* [WORK REQUIRED]:
Look below for the line with "Рисунок 6 –" and the line with "Область применения: для". Copy exactly those two lines and every line between, but not the pictures.

* [RECORDED INFORMATION]:
○ ○ ○ ○

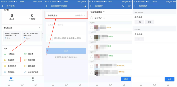 企業微信按標簽群發消費,只需要在工作臺中依次點擊【客戶聯系】—【群發助手】—【分別發送給】,再根據標簽篩選發給客戶即可。
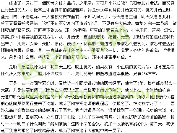 當時考試的時候,我生病了,一直發(fā)燒到38度左右(有好幾天),因為時間的關系,我只是吃了點藥,沒來及打點滴便上了考場,那兩天可真是燒糊涂了,有很多題,明明很簡單,愣是一下子做不出來。還有,填涂答題卡的時候,也是稀里糊涂的??纪旰蠡氐郊抑?,看著同學們一個個都把試題上傳至網(wǎng)上,而我卻好像什么印象都沒有,更別提什么估分了。心想,今年肯定完了,肯定要二進宮了。但我仍然堅持每天進入醫(yī)學教育網(wǎng),看看里面關于醫(yī)考的動態(tài)。12月8日下午,分數(shù)線終于出來了,我心里真的說不出是什么滋味,查分,肯定過不了多久就會開始了。我守在電腦前,心情忐忑不安,后來索性把電腦關了。直到9日凌晨,同事打來電話說可以查分了。哎,丑媳婦總要見公婆面,我打開了電腦,進入國家醫(yī)學考試中心查詢,可怎么也進不去,可能是那天查分的考生特別多、網(wǎng)絡擁堵的緣故吧!后來大概過了兩個小時左右,我才進入了考試中心網(wǎng)站,一查成績,422分。??!我終于過了,盡管分數(shù)不是很高。我當時真是又驚又喜,興奮、激動的眼淚都掉了下來,真可謂是喜極而泣。這大半年的辛苦努力,終于得到了肯定。
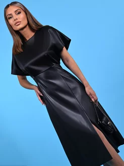 Платье атласное вечернее с экокожей приталенное
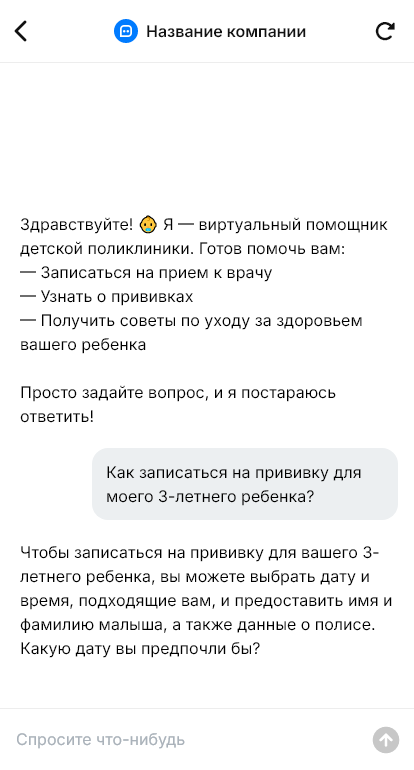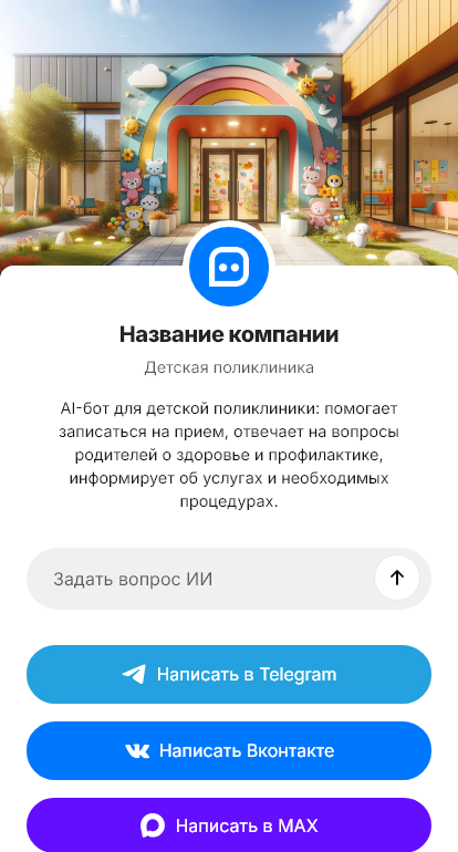 Решение работает в Telegram, VK, MAX и на сайте и настраивается под регламенты и структуру поликлиники. Это снижает нагрузку на персонал и повышает удобство для родителей.
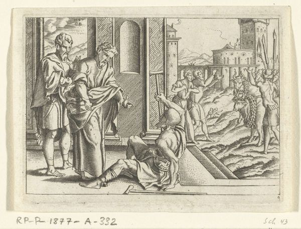 Curator: Hans Collaert the Younger, though we're unsure when he was born or died, brings us "Scene from the Life of Elisha." It’s currently housed at the Harvard Art Museums. Editor: What strikes me immediately is the sheer industry of the figures in the background, all reaping. It’s quite the contrast to the stillness of the foreground. Curator: Indeed. The print contrasts agricultural labor with domestic life, a world of toil against quiet intimacy. The sharp lines suggest an engraver’s dedication, each stroke deliberate. Editor: Look at how the work in the fields is depicted alongside the presentation of the sickly child. It gives an interesting commentary on the labor needed to sustain life and the fragility of life. Curator: I feel Collaert juxtaposes the mundane and the sacred, inviting us to contemplate the cyclical nature of life, death, and rebirth. Editor: Precisely, and perhaps also the economic and material conditions that shape those cycles. It’s a fascinating piece offering so much insight. Curator: A somber work, but one that inspires reflection.
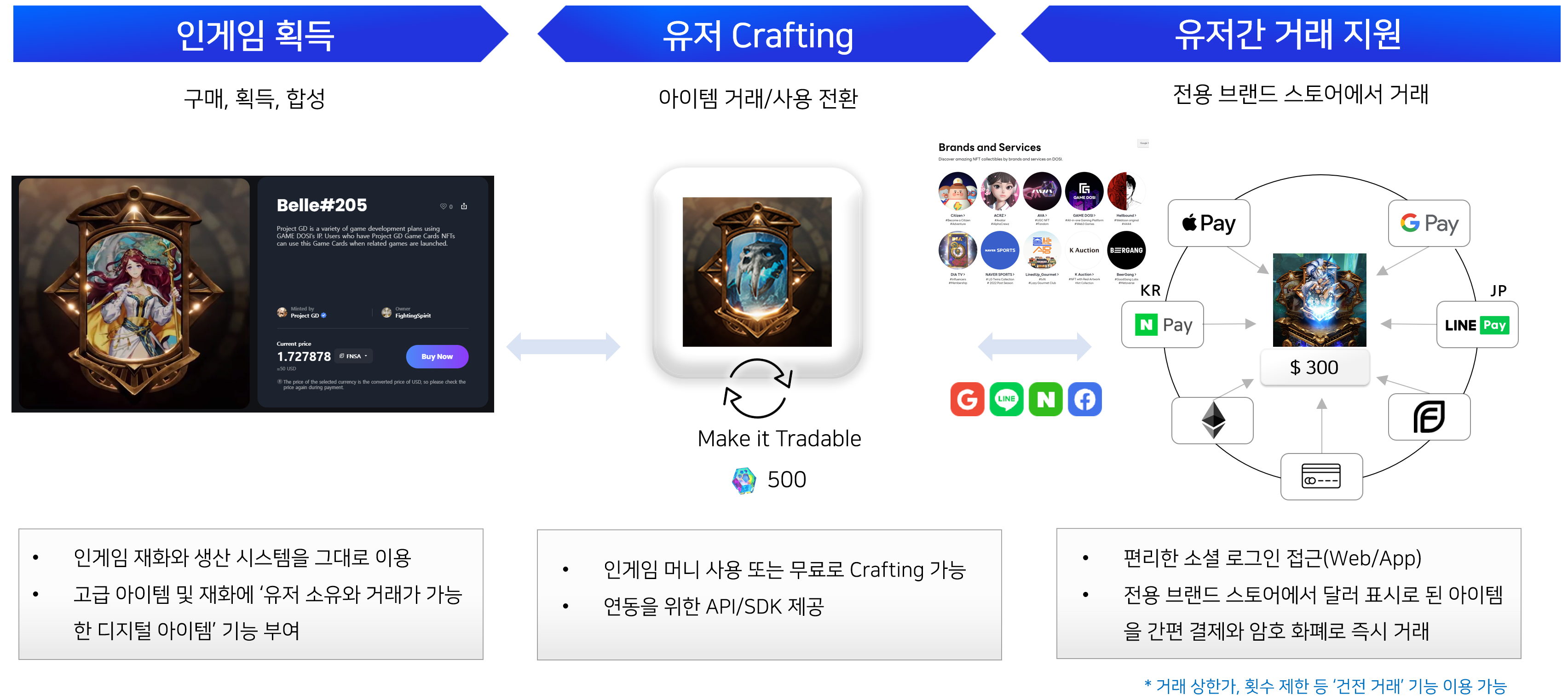 일반 커머스와 같은 간편 결제/ 올인원 로그인 시스템 등 가장 간편한 디지털 아이템 거래 경험을 제공합니다.
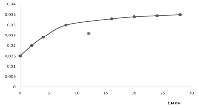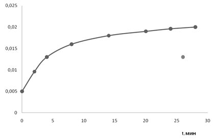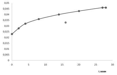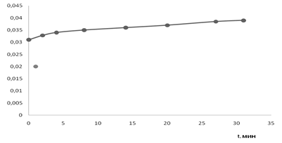 Рисунок 6 – Изучение кинетики растворения бензоата свинца в растворе бензойной кислоты в этиленгликоле (концентрация кислоты 0,35 моль/л), t= 22ºC
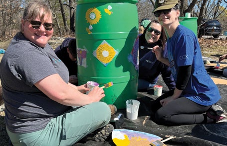 Volunteers from Cox Communications, including (from left) Tykie Lohmiller, Megan Keating and Stacey Dourado, celebrated Earth Day with the Woonasquatucket River Watershed Council in Rhode Island. The team planted, painted, mulched, cleared invasive species, removed litter from the waterway and spruced up the greenway park.
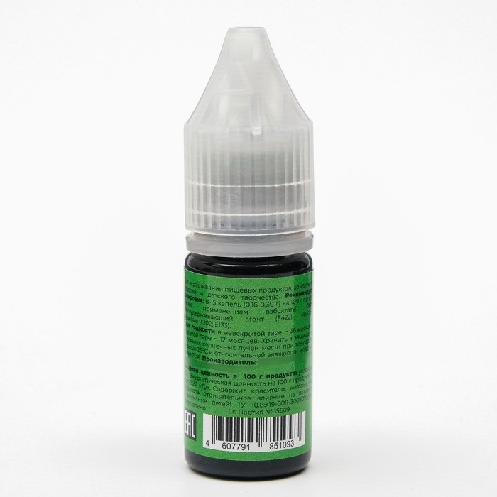 Область применения: для окрашивания продуктов питания и различных кондитерских изделий (теста, мастики, айсинга, марципана, крема и так далее), а также для детского творчества (мыловарение, слаймы).
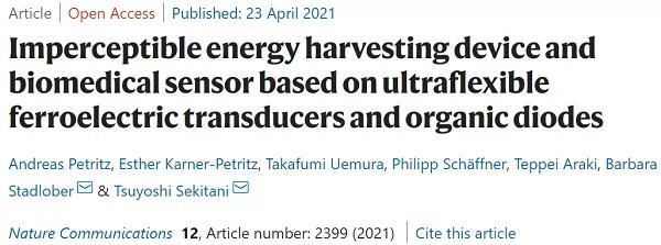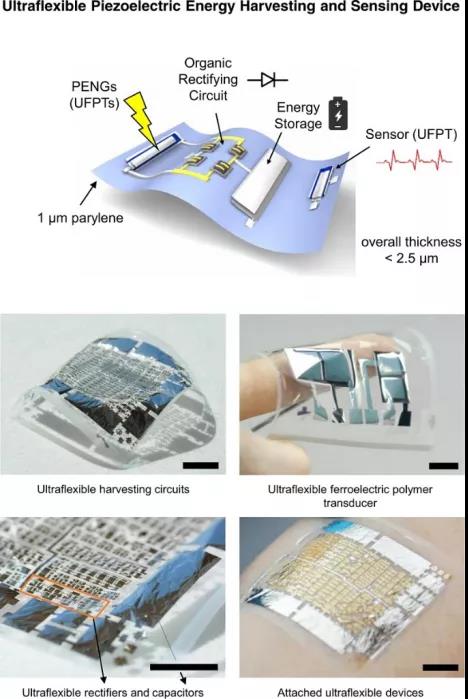 能源自主性和整合性是下一代可穿戴和柔性電子產(chǎn)品的基本要素,用于醫(yī)療保健、機(jī)器人和信息物理系統(tǒng)?;诖耍?/span>日本大阪大學(xué)Tsuyoshi Sekitani和奧地利Barbara Stadlober(共同通訊作者)等人首次報(bào)道了一種由壓電納米發(fā)電機(jī)、二極管整流器和儲(chǔ)能電容組成的綜合性超柔性能量收集器件(UEHD),所有組件的厚度均不超過2.5 μm,在僅1 μm的聚對(duì)二甲苯制成的薄基板上制成。當(dāng)附著在人體皮膚的表面上時(shí)難以察覺,作者展示了一種鐵電無線電子保健貼片,可以監(jiān)測(cè)脈搏率并測(cè)量血壓。納米發(fā)電機(jī)和傳感器都是基于P(VDF:TrFE)70:30的超柔性鐵電聚合物傳感器(UFPTs)。同時(shí),結(jié)合了由有機(jī)二極管制成的超柔性全波整流器電路,具有短OTFT幾何形狀和超柔性薄膜電容器使用納米氧化鋁薄層。作者采用DNTT(二萘并噻吩)作為有機(jī)半導(dǎo)體的二極管顯示出很高的整流比,超過107,并且由于它們的過電壓低于100 mV,因此內(nèi)置的電壓降可忽略不計(jì)。其中,UFPTs具有以下優(yōu)點(diǎn):(1)超柔韌性,使其能夠共形附著于各種材料和表面,并允許將多層UFPTs堆疊在3D形狀的載體上;(2)對(duì)平面外(橫向)應(yīng)力的高靈敏度,可通過多層堆疊提高,從而實(shí)現(xiàn)預(yù)彎曲橡膠載體上三層堆疊的峰值靈敏度在15 nC N-1范圍內(nèi);(3)極好的機(jī)械穩(wěn)定性,允許在40 μm彎曲半徑下穩(wěn)定運(yùn)行;(4)響應(yīng)時(shí)間非常短,遠(yuǎn)低于20 ms N-1。此外,UFPTs用作脈沖電源時(shí),峰值功率密度超過3 mW cm-3。
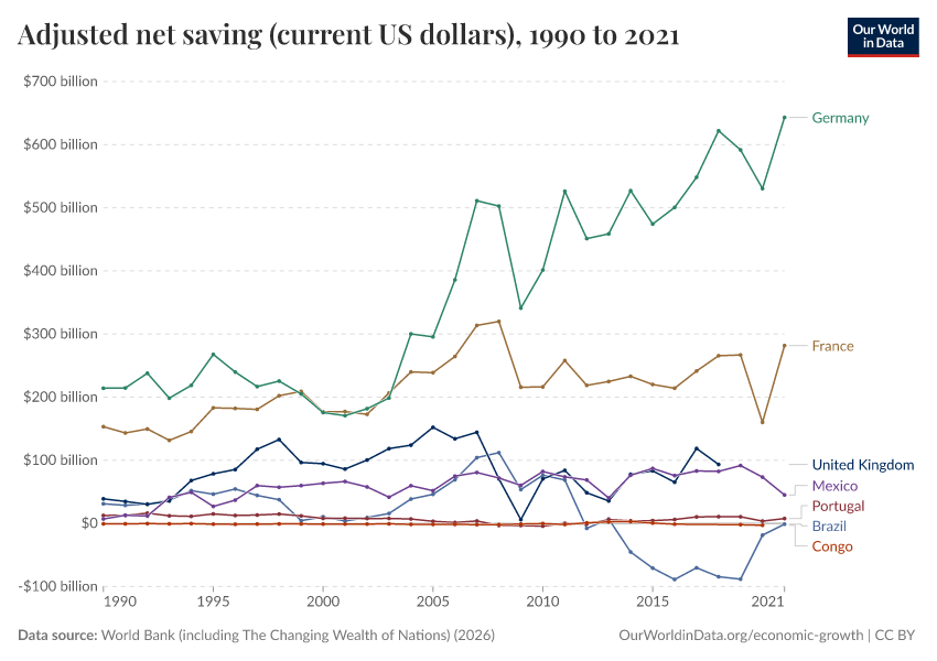 “Data Page: Adjusted net saving (current US dollars)”. Our World in Data (2026). Data adapted from World Bank (including The Changing Wealth of Nations). Retrieved from https://chart-preview-extension.owid.pages.dev:8789/20260202-181317/grapher/adjusted-net-saving-current-us-dollars.html [online resource] (archived on February 2, 2026).How to cite this data
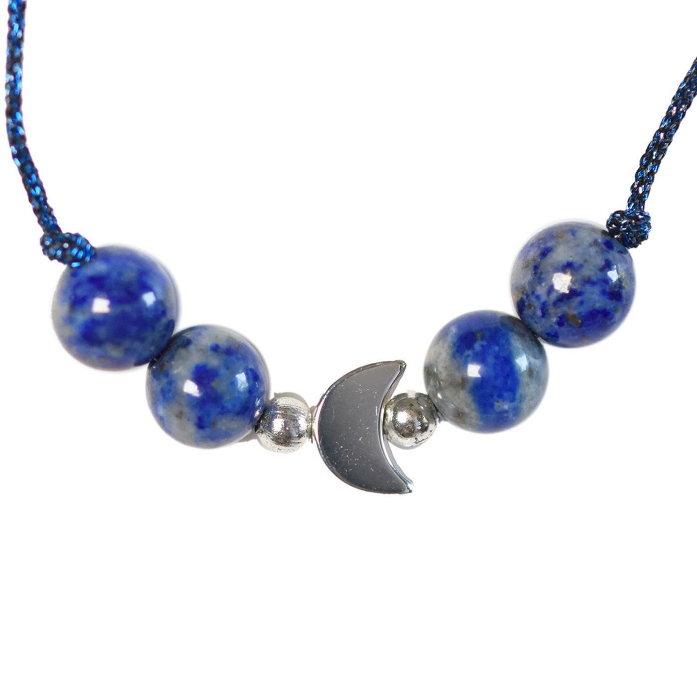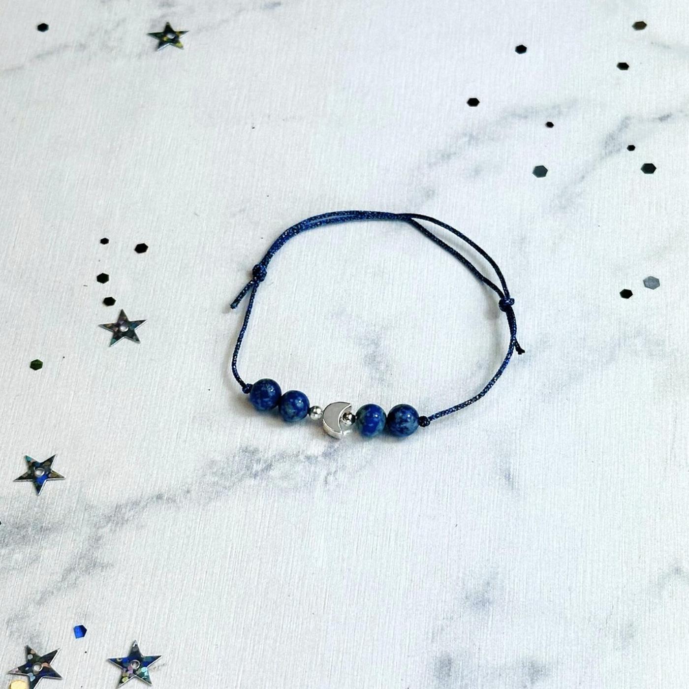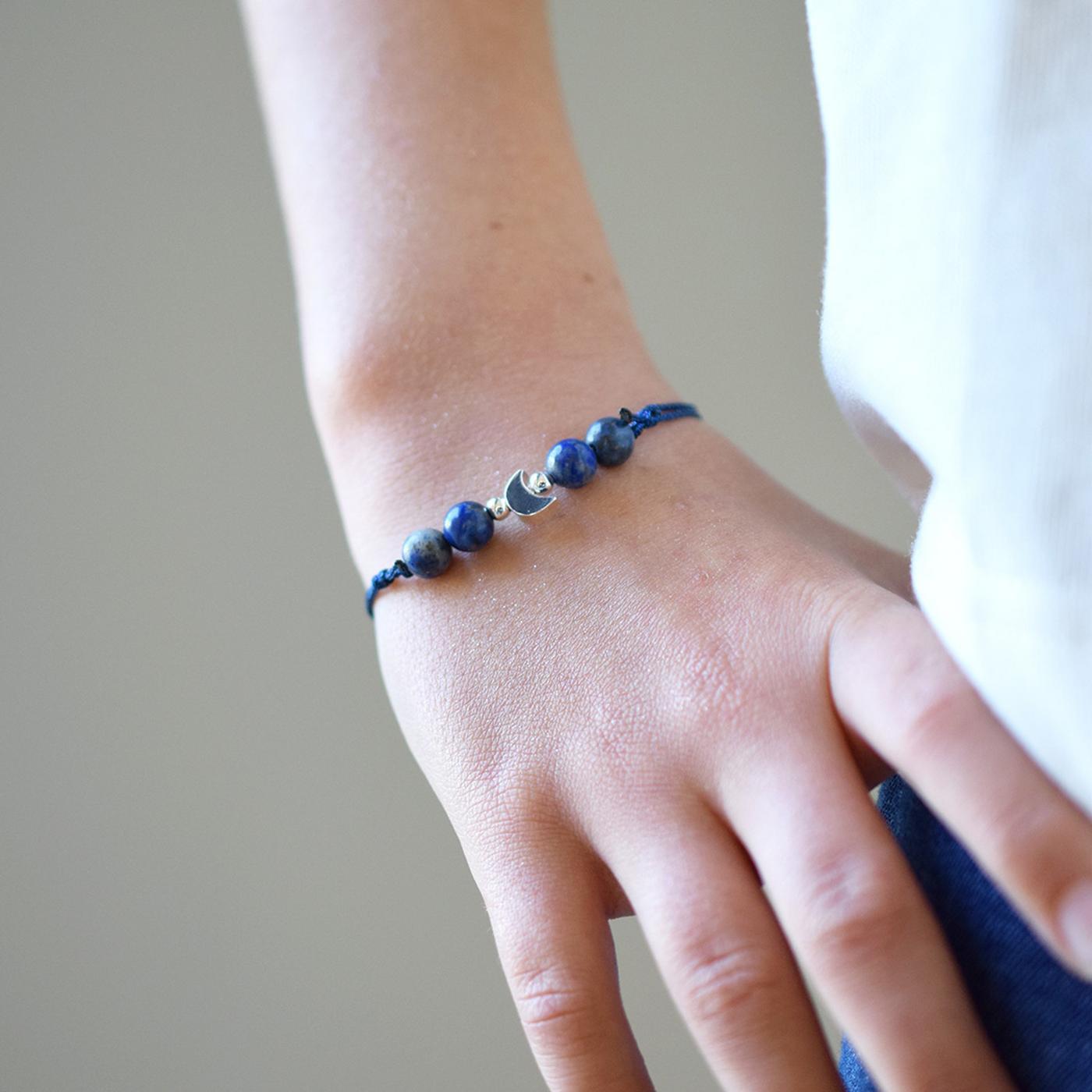 Affronte chaque défi avec ouverture et bienveillance ! Ce bracelet est là pour te rappeler que tu as le droit de t'exprimer. Le lapis-lazuli, pierre du dialogue, ouvre ton esprit et t'aide à rester concentré. La lune, symbole de réfléxion et de compréhension, t’encourage à écouter ton intuition et à partager tes idées sans peur. Porte ton bracelet chaque jour comme un talisman. Quand tu le regardes, souviens-toi que tout est possible dès que tu communiques avec confiance !

○ ○ ○ ○

* [RESULT FOR THIS EXERCISE]:
 Рисунок 6 – Изучение кинетики растворения бензоата свинца в растворе бензойной кислоты в этиленгликоле (концентрация кислоты 0,35 моль/л), t= 22ºC
 Volunteers from Cox Communications, including (from left) Tykie Lohmiller, Megan Keating and Stacey Dourado, celebrated Earth Day with the Woonasquatucket River Watershed Council in Rhode Island. The team planted, painted, mulched, cleared invasive species, removed litter from the waterway and spruced up the greenway park.
 Область применения: для окрашивания продуктов питания и различных кондитерских изделий (теста, мастики, айсинга, марципана, крема и так далее), а также для детского творчества (мыловарение, слаймы).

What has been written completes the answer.